My Thoughts (these are not final and do not represent the composer’s, see their program notes for that)

I opened with Wiegenlied by Thomas Schuttenhelm, as since its premiere in May 2011 it has received repeated performances, so I felt very comfortable, but also it has qualities that I love, harmonics, unusual harmonies, and a lulling middle section that I think exemplifies the New Lullaby Project: it is contemporary music and clearly a lullaby.  Thomas also writes some mean program notes (click here to read)

Thomas L. Read‘s lullaby received its premiere in 2010 and though simple in its construction (repetitive bass figure and heart breaking melody) it is actually quite a challenge.  In an effort to keep lines legato and the bass figure consistent the left hand does some wonderful acrobats.  Though I find the piece full of a restrained passion it is hypnotic.  A real gem.
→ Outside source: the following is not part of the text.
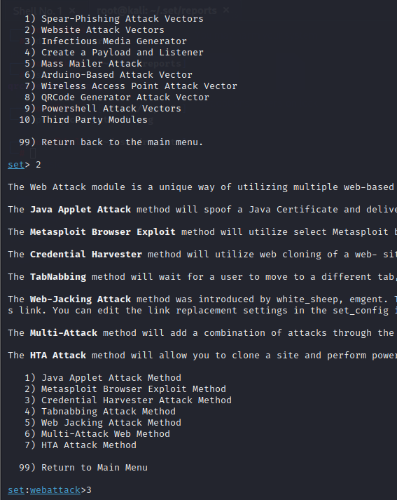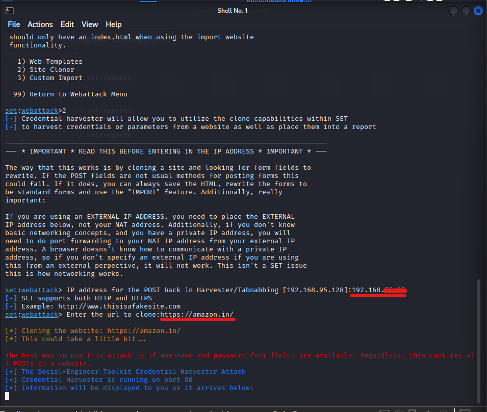 • Select Credential Harvester Attack Method -> Site Cloner -> Press Enter -> Enter URL to clone.

Alan Fletcher’s Lullaby in 3 Voices is the most technically difficult of this program and possibly of the whole batch of New Lullabies.  I don’t say that as a criticism, for I find it quite beautiful and though I have heard the moments of magic they don’t always occur in the concert!  A mere 30 measures, the piece requires the performer to hear and respect each of the three voices (each singing a lullaby or do the three together make the lullaby or both?).  I look forward to the continued discoveries in this finger twister.

Song for Daddy is Francine Trester’s second New Lullaby.  The first being My Darling’s Slumber recorded on the New Lullaby CD.  I find it amazing to play a second piece by a composer especially soon after the first.  The language is understood from the start, signs and symbols are no longer a mystery but something to be fulfilled.  I also like to think that the composer is writing with their last experience of me in mind.

Song for Daddy on Youtube

Cancion de Cuna by Hayg Boyadjian is the second work I have played of his but the first lullaby.  (I recorded his Mi Tango for his Albany CD Vientos, 2010).  Hayg’s language is unique and playful.  Often using the guitar as a single voice the player moves quickly throughout the range of the fretboard with vibrato, thick sound and unusual rhythms.  As in every piece of Hayg’s, there is a moment of sheer difficulty.  Four bars of this lullaby took many, many hours.  The biggest challenge though was having to sing the finally melody, in Spanish, as I played.  The first time was rough but it creates an amazing effect.  To many more!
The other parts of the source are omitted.